Already, many communities in Shanghai have been locked down in the past week, with their housing compounds blocked by blue and yellow plastic barriers and residents required to submit to multiple tests for COVID-19. Shanghai’s Disneyland theme park is among the businesses that closed earlier. Automaker Tesla is also suspending production at its Shanghai plant, according to media reports.

Panic buying was reported on Sunday as supermarket shelves were cleared of food, drink and household items. Additional barriers were erected in neighborhoods on Monday, with workers in hazmat suits at checkpoints.

Shanghai detected another 3,500 cases of infection on Sunday, although all but 50 were people who tested positive for the coronavirus but did not show symptoms of COVID-19. While asymptomatic people can still infect others, China classifies these cases separately from “confirmed cases” – those in sick people – leading to much lower totals in daily reports.

Nationwide, 1,219 new confirmed cases of the domestic infection were detected on Sunday, including more than 1,000 in the northeast Jilin province, as well as 4,996 asymptomatic cases, according to the National Health Commission. health reported Monday.

China has reported more than 56,000 confirmed cases nationwide this month, with the outbreak in Jilin accounting for most of them.

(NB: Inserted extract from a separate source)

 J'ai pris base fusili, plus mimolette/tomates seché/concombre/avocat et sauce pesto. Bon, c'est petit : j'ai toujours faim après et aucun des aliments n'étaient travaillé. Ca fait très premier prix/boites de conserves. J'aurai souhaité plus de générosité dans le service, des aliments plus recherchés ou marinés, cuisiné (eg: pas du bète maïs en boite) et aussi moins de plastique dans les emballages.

Jilin Province is enforcing travel bans and partial shutdowns in several cities, including Changchun, one of the centers of China’s auto industry. Although the province has seen more than 1,000 new confirmed cases per day, the prevention and control measures there do not appear to have been as extreme as in other places.

China has called its longstanding “zero tolerance” approach the most cost-effective and effective prevention strategy against COVID-19.

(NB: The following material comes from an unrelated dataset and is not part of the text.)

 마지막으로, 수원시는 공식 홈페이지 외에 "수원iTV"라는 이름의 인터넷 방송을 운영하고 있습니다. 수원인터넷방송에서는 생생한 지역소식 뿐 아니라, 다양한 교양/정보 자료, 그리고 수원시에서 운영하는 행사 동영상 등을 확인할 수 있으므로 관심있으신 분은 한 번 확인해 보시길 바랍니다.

The new measures applied in Shanghai aim to “curb the spread of the virus, protect people’s lives and health, and achieve the dynamic goal of zero COVID as soon as possible”, the COVID-19 prevention and control office said. of the city in a press release on Sunday evening. .

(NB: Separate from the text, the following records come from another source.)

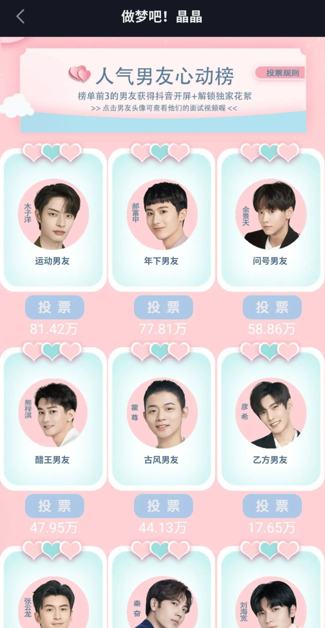 Finally, Dream on! The continuous fermentation of Jingjing’s popularity is also closely related to the innovative marketing game introduced by Tik Tok. The play started with the topic of "blind box", which is popular among young people at present, and successfully attracted the attention of the audience. In Dream on! During the launch of Jingjing, Tik Tok also pushed out the popular boyfriend heartbeat list in the station, calling on users to call for their idols, thus unlocking more exclusive tidbits. By the end of the campaign, more than 400w fans had voted, and KWIN ranked first in the heartbeat list with 814,200 votes. In this way, Tik Tok has fully aroused the enthusiasm of users for pursuing dramas. With the spontaneous participation of a large number of users, it has boosted the second fermentation of the reputation of dramas, thus attracting more "tap water" to join the drama-pursuing camp and continuously increasing the exposure for the dramas.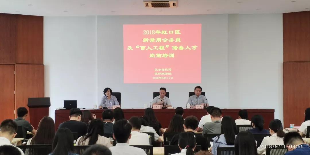本网讯 9月11日上午,2018年虹口区新录用公务员及“百人工程”储备人才岗前培训班在虹口区委党校开班。区人社局、区公务员局副局长环翔作开班动员,区委党校常务副校长温美平致欢迎辞。90名新录用公务员及“百人工程”储备人才参加培训。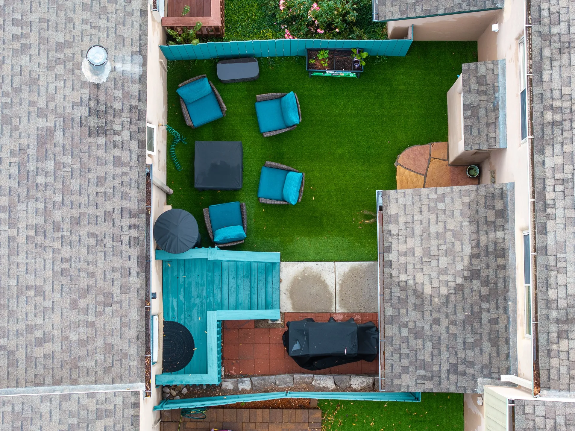 The back patio area separates the main home from the garage, and it is fully enclosed and covered with pet-friendly turf so your four-legged friends have a comfortable living space, too! A large, two-car garage with storage space completes the package.

This requires mass lockdowns and testing, with close contacts often quarantined at home or in a central government facility. The strategy aims to eradicate community transmission of the virus as quickly as possible.

While officials, including Communist Party leader Xi Jinping, have encouraged more targeted measures, local officials tend to take a more extreme approach, fearful of being fired or otherwise punished for accusations of failing to prevent epidemics.

With China’s economic growth already slowing, the extreme measures are seen as worsening challenges to employment, consumption and even global supply chains.

Shanghai’s announcement of the dates for lifting the two lockdowns appears to show an additional refinement in China’s approach. Previous citywide lockdowns had been unlimited.

Although the vaccination rate in China is around 87%, it is considerably lower among the elderly.

National data released earlier this month showed that more than 52 million people aged 60 and over have yet to be vaccinated with a COVID-19 vaccine. Booster rates are also low, with only 56.4% of people aged 60-69 having received a booster injection and 48.4% of people aged 70-79 having received one.

Older, unvaccinated people are more likely to become seriously ill if they contract the virus.